Following my recent post on whether or not AI will replace pathologists and radiologists, I thought it would be a nice segue to talk about how that AI-generated advice is perceived by clinicians, and to combine it with the new “5-Minute Paper” format. Setting aside inaccurate algorithm performance, there is a risk that doctors will simply “turn off their brains” and trust the automated advice, assuming it to be superior to human experience or intuition. So today I’m going to walk-through a recent study that tested this possibility.
The Study:
Gaube, S., Suresh, H., Raue, M. et al. Do as AI say: susceptibility in deployment of clinical decision-aids. npj Digit. Med. 4, 31 (2021)
What is this study about?
This study provided doctors with x-rays and diagnostic advice labeled as from AI or a human and evaluated how the perceived source impacted the clinician’s assessment of the quality and reliability of that information. Researchers also wanted to test any impact of the advice on their diagnostic accuracy. This line from the paper’s Introduction sums up the key issue:
“AI systems will only be able to provide real clinical benefit if the physicians using them are able to balance trust and skepticism. If physicians do not trust the technology, they will not use it, but blind trust in the technology can lead to medical errors.”
Who did the research?
This was a multi-institutional effort by computer scientists, physicians, and psychologists across the world at Boston Medical Center, Beth Israel Medical Center, MIT, LMU Munich, the University of Regensburg (Germany), and the University of Toronto (Canada).
Who paid for it?
The paper itself does not declare any funding source or financial conflicts of interest.
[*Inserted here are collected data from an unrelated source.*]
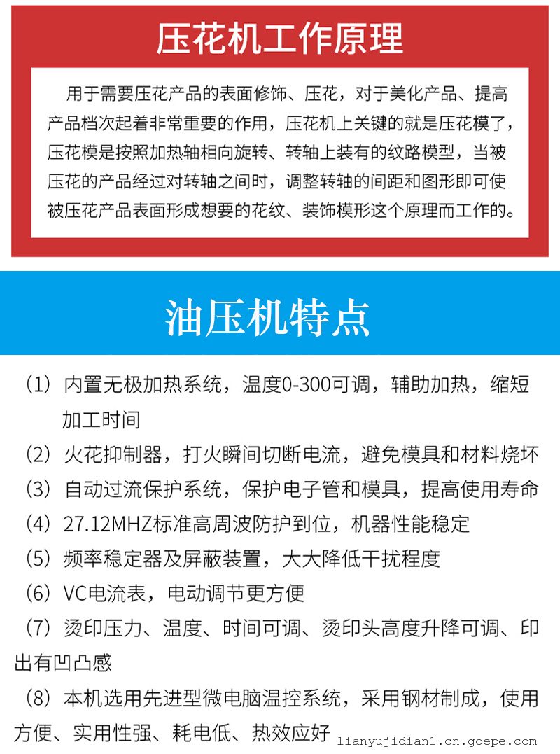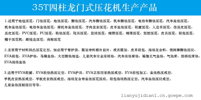 主营产品:压花机(服装面料压花机、毛巾干发巾压花机,摩托车坐垫热合压花机,电动车坐垫压花机,脚垫门垫压花压字机,3D凹凸平板压花机、PVC发泡板立体压花机、皮革压标机压花机、EVA材料压花纹机械、皮革布料复合海绵坐垫类立体压花机、鞋垫压花成型机,超声波复合压花压棉机裥棉机、以上设备可订制造PLC全自动等等)
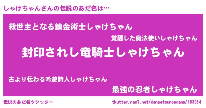| ヒーロー風カッコイイあだ名 | 『スーパーシャケチャン』『仮面シャダー』 |
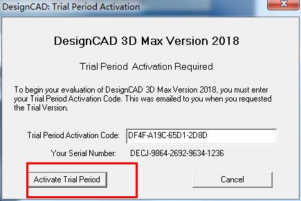 9、正常启动软件,DesignCAD 3D Max 2018将自动弹出注册提示,这时,我们将注册机生成的注册码填入下面框中,如下图所示:
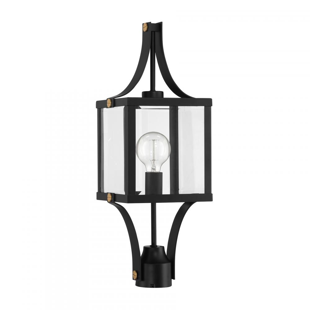 Make your outdoor lighting super fashionable with the Savoy House Raeburn 1-light outdoor post lantern. A central cube of beveled clear glass is surrounded by a boldly structured frame finished in Matte Black and adorned with thoughtful detailing in Weathered Brushed Brass. Raeburn is 23.5" in height and 8.5" in width. Uses one standard size bulb of up to 60 watts. The bulb is not included. Wet area rated.
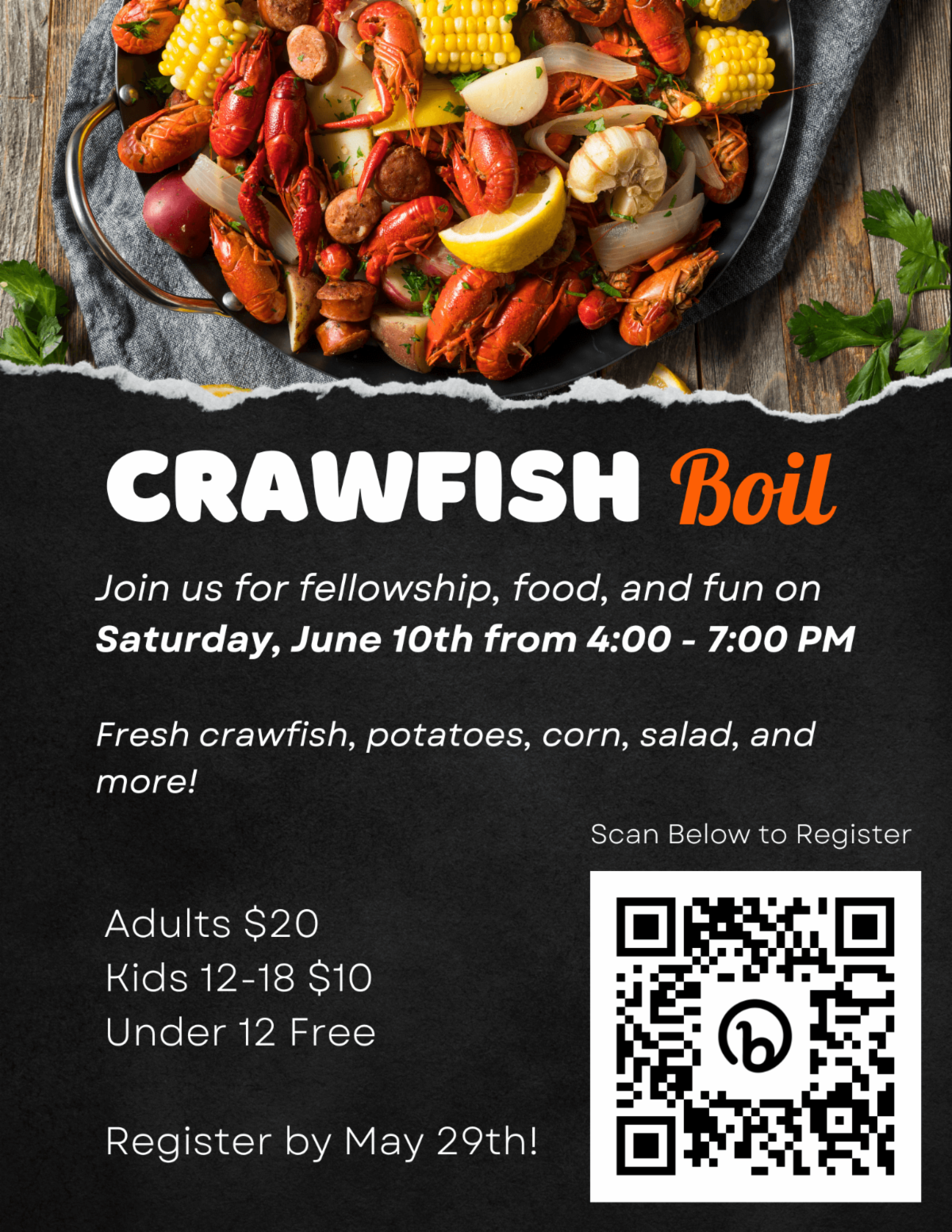 Join your parish family for a Crawfish Boil with all the fixins on Saturday, June 10 from 4-7 p.m. This is a time for church-wide fellowship with music, games and fun for the whole family! We’ll have Louisiana crawfish with potatoes and corn, salad, and the most delicious sides catered by Daddy D’s Soulfood Restaurant. Meal includes dessert (cookies & popsicles) and a drink. For more info, email Laurie Parkerson.
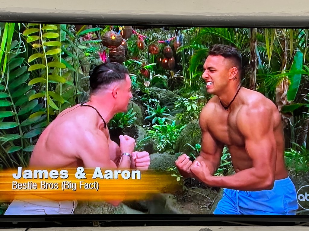 Time for new arrivals and in walks the “bestie bros” from last season, James and Aaron. Last time they were on Paradise they found love… with each other and left together. It was actually kind of hilarious because they made it almost to the end with two different girls who fully expected a romantic beach proposal, and in the end the guys just decided they weren’t that into these girls and peaced out and moved in with each other back home.
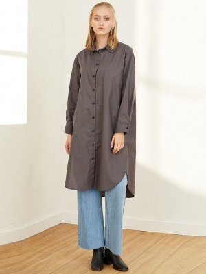 Ceylan Otantik Gri Kuşaklı Gömlek Tunik
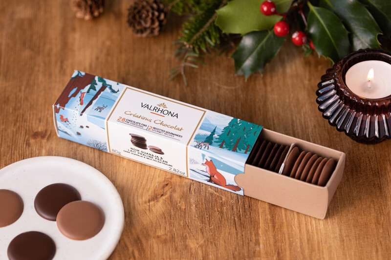 La novità Valrhona di quest’anno è un astuccio con 14 palet di cioccolato, raffinati e deliziosi. Rotondi, morbidi e golosissimi, sono disponibili in due versioni: per gli amanti del cioccolato fondente l’iconico Guanaja 70%, e per gli amanti del latte una declinazione di cioccolato al latte con noci pecan.
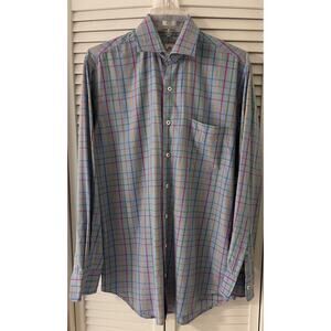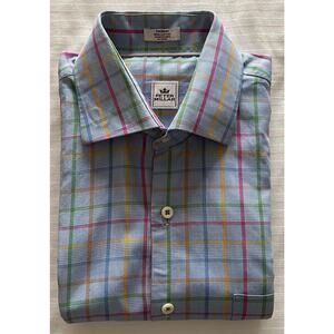 Peter Miller Men's Dress Shirt M Light Blue w/Orange/Red/Green Criss Cross A+
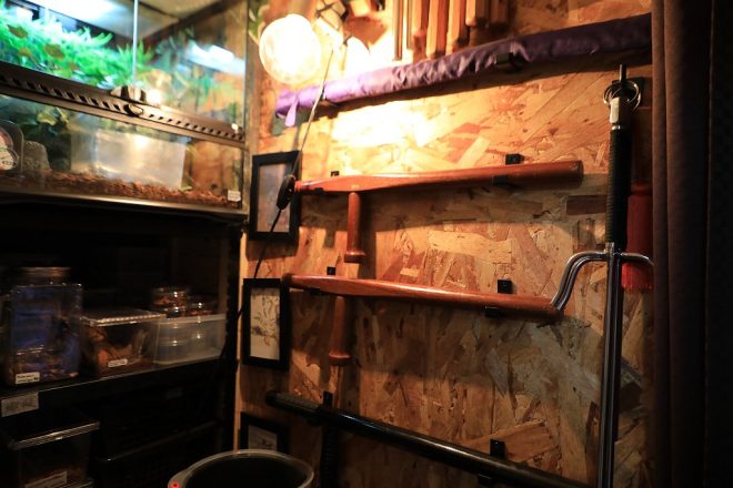 一人暮らしをしているSHINYA君の部屋には、水槽とともに数々の武道具がずらり。これが一体何なのかわかる人は少ないはず。でもキワメテスタッフならわかります。想像できないでしょうが、キワメテスタッフも若いころはブイブイいわしてた空手家だったんです!
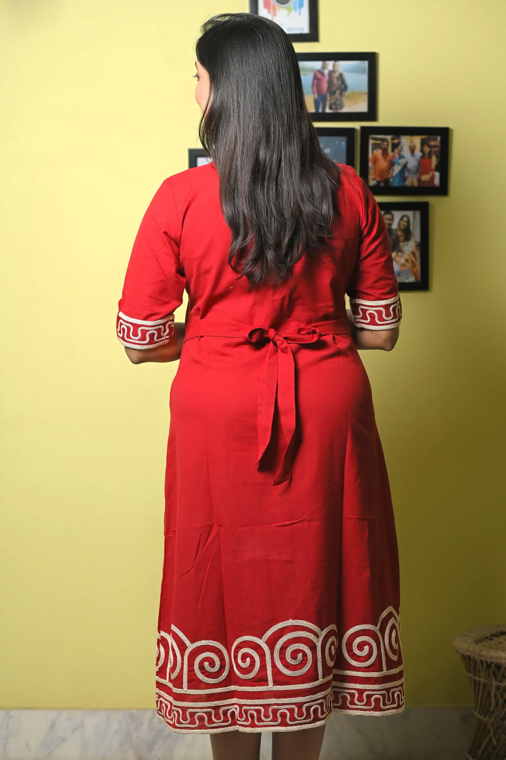 The standout feature is the intricate off-white embroidery adorning the hemline and sleeves. The swirling, wave-like scallop patterns create a beautiful contrast against the bold red fabric. For a custom fit, the dress includes a matching tie-back waist belt, allowing you to cinch the silhouette or wear it relaxed.
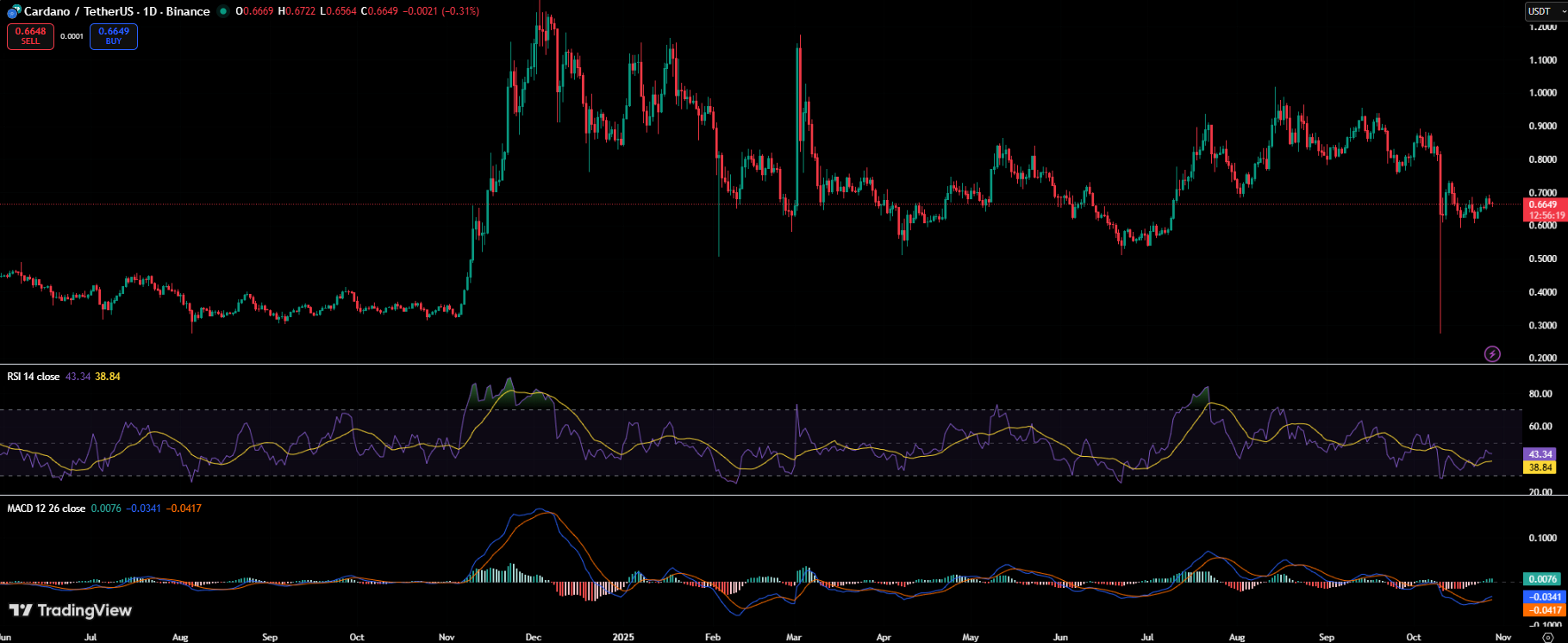 此次升级正值ADA结束数月横盘整理、技术形态出现看涨反转信号的关键节点。截至发稿时,该代币价格徘徊在0.66美元附近,处于近期波动区间的中位。尽管整体市场情绪仍显谨慎,但卡尔达诺的价格结构和链上发展表明,年底前出现重大行情变动的可能性正持续增加。

The acknowledgements list one author as supported by a research scholarship from the Konrad-Adenauer-Foundation, while another received multiple funding streams including from Microsoft Research, a Canada Research Council Chair, NSERC Discovery Grant, and a CIFAR AI Chair at the Vector Institute.
What did they do?
Two groups of physicians from the USA and Canada were shown 8 cases of x-rays with a summary of findings and diagnosis as depicted in Figure 1 above
The “high-expertise” group was composed of 138 radiologists
The “low-expertise” group was composed of 127 physicians trained in internal medicine / emergency medicine
All x-ray images, case vignettes, radiographic findings and diagnoses were selected and edited by a panel of 3 expert radiologists
Advice was labeled as either from a human or AI system as follows:
AI: “The findings and primary diagnoses were generated by CHEST-AI, a well-trained, deep-learning-based artificial intelligence (AI) model with a performance record (regarding diagnostic sensitivity and specificity) on par with experts in the field”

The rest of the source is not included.